*Entries supplied*
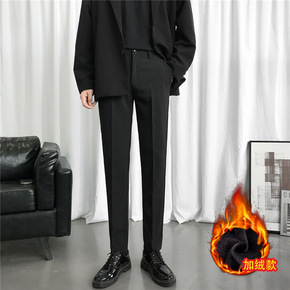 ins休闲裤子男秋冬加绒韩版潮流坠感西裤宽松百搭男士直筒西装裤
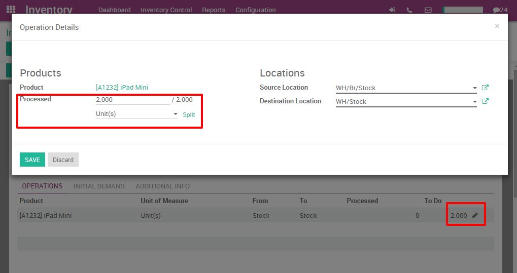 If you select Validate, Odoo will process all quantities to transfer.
==
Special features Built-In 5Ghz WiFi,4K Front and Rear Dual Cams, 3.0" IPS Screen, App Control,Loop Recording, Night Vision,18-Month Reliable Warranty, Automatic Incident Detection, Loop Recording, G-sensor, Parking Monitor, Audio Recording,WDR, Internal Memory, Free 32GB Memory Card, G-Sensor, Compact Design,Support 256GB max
--
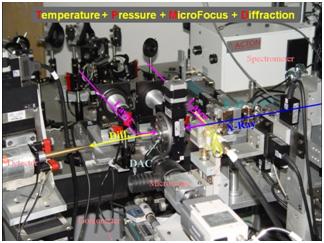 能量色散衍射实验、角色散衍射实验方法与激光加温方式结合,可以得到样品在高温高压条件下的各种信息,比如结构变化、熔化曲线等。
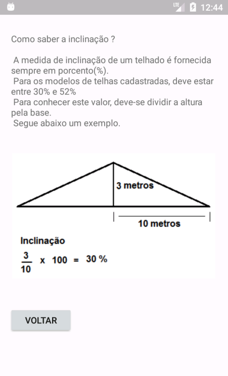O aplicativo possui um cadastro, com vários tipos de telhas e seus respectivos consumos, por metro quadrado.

*Exercise goal*
Keep to the stretch from the line containing "能量色散衍射实验、角色散衍射" through the line containing "O aplicativo possui", both ends included, and copy it exactly from the listing above, minus the pictures.

*Completed task*
 能量色散衍射实验、角色散衍射实验方法与激光加温方式结合,可以得到样品在高温高压条件下的各种信息,比如结构变化、熔化曲线等。
O aplicativo possui um cadastro, com vários tipos de telhas e seus respectivos consumos, por metro quadrado.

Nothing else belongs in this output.